Çin Seddi’ni aşan, Roma’ya diz çöktüren, İstanbul’u fetheden, Viyana önlerine giden, İstiklal Harbi’ni kazanıp “bozkurdun dirilişini” bizzat hayata geçiren atalarımızla övünmek bir meziyet değil. Milliyetçilik de değil.. Onların yaptıklarının üzerine bir şeyler ekleyebiliyorsak ancak o zaman gerçekten milliyetçi oluruz.
Anayasa hukukunda “Yeni Kuşaklar Teorisi” diye bir kavram vardır. 19. yüzyıl ABD Başkanlarından Thomas Jefferson’un ortaya attığı bu teoriye göre “Eski kuşakların iradesi yeni kuşakları bağlamaz. Çünkü yeryüzü nimetlerinden toprağın altındaki ölüler değil, üstündeki diriler istifade ederler.”
Kur’an’da Bakara suresinde tekrarlayan bir ayette şöyle der; “Onlar bir ümmetti, gelip geçtiler. Onların kazandıkları onlara, sizin kazandıklarınız size..”
Bugün Türk milliyetçiliğinin fikri prangalarını kırıp çağını yakalaması lazım. Türk olmak, başarılı olmak için tek başına yeterli değil. Her oyunu kendi kuralları içerisinde oynamanız lazım. Günümüzde artık yerel olan değil evrensel olanın sözü geçiyor. Bütün dünyaya hitap eden, evrensel bir yönünüz olmadan hiçbir sahada başarıyı yakalayamazsınız.

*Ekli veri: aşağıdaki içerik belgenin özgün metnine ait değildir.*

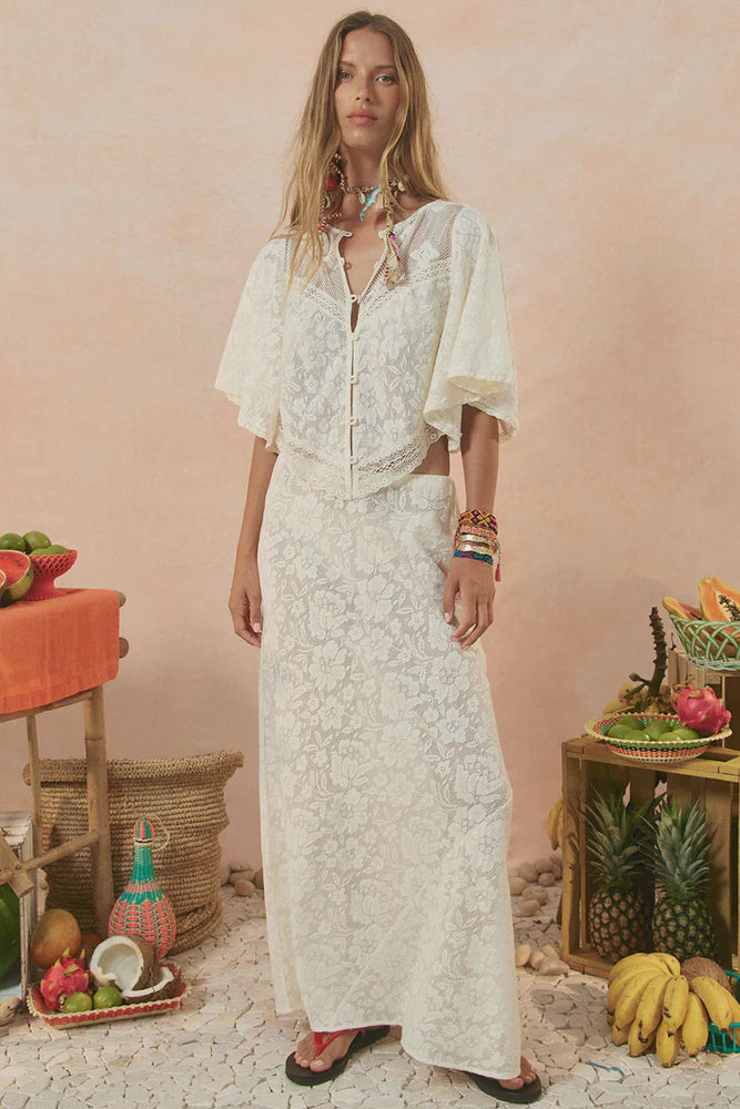 Spell Free Love Lace Bias Skirt - Vintage Cream
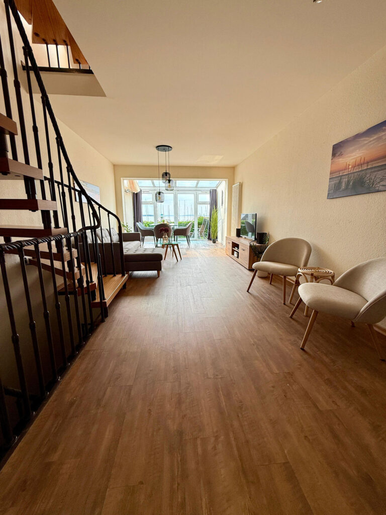 Die halboffene Küche ist bestens ausgestattet und lädt zum gemeinsamen Kochen ein. Im Obergeschoss erwartet Sie ein charmantes Schlafzimmer mit Doppelbett, ein offenes Galeriezimmer mit komfortablem Schlafsofa und Zugang zum Balkon. Das Dachgeschoss bietet ein weiteres Schlafzimmer mit zwei Einzelbetten, Arbeitsplatz mit Wasserblick und Smart-TV – ideal für Kinder, Jugendliche oder kreative Rückzugsmomente.
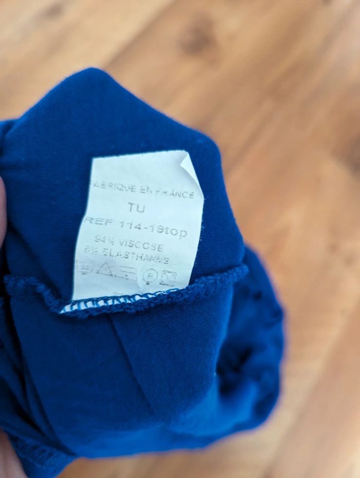 Taille unique mais convient à un 36 voir 38. En élastane et viscose. Manche 3/4.
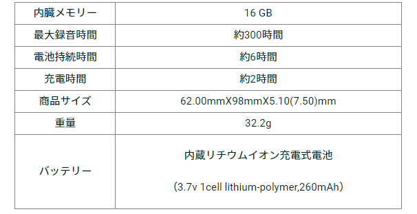 16GBの大容量バッテリー、最大300時間保存可能、スマートなデザインで違和感なく使用可能、簡単なスライドボタンでON/OFFが可能、高音質な録音が可能なので、持ち運びにもおすすめです。
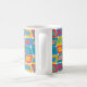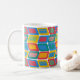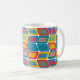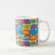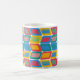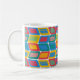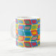 This mug has a mid-century modern design of bright colors that make rounded rectangles with other rectangles inside formed by a collection of lines.
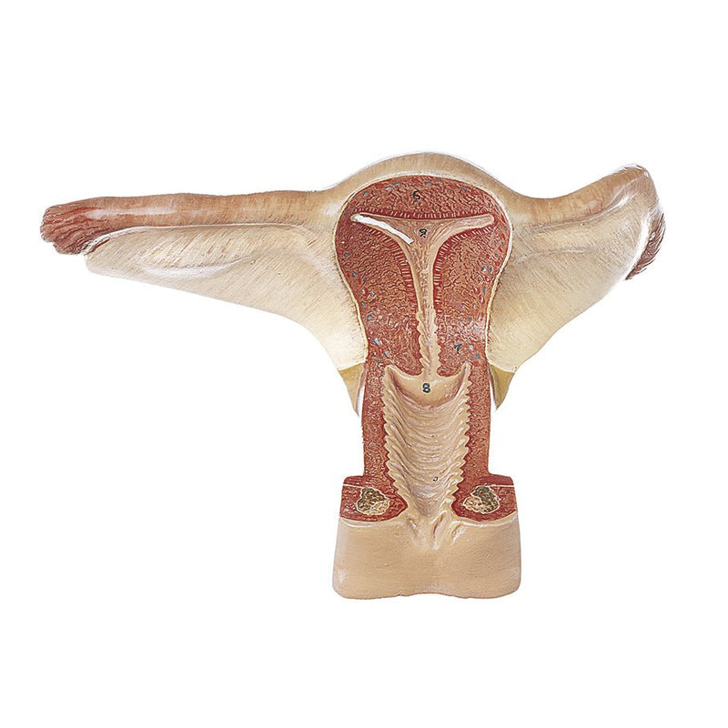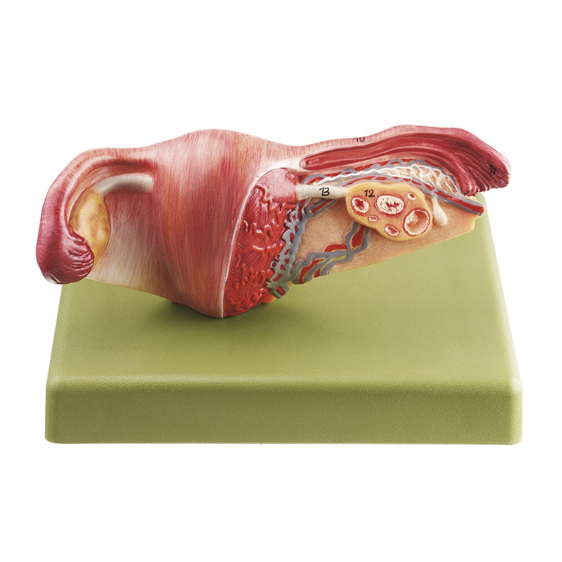Natural size, ventral and dorsal view of the internal genital organs, partly shown in section. Female Genital Organs Model in one piece and delivered on a green base.Female Genital Organs Model Dimensions and Weight:

Devir artık ne at üzerinde Viyana kapılarına dayanma ne de küffar üzerine kılıç sallama devri. Bugün ülkeleri fikirler ve buluşlar fethediyor. Ekonomisini kontrol altına alabildiğiniz ülke kendiliğinden sizin oluyor. Türk milliyetçiliğinin mevcut şartlarda yeni bir “Kızıl Elma” ya ve yeni yöntemlere ihtiyacı var. Aksi halde kendi Ergenekon’undan kurtulamayacak ve keskin sirke hesabı küpüne zarar vermekten başka bir işe de yaramayacak.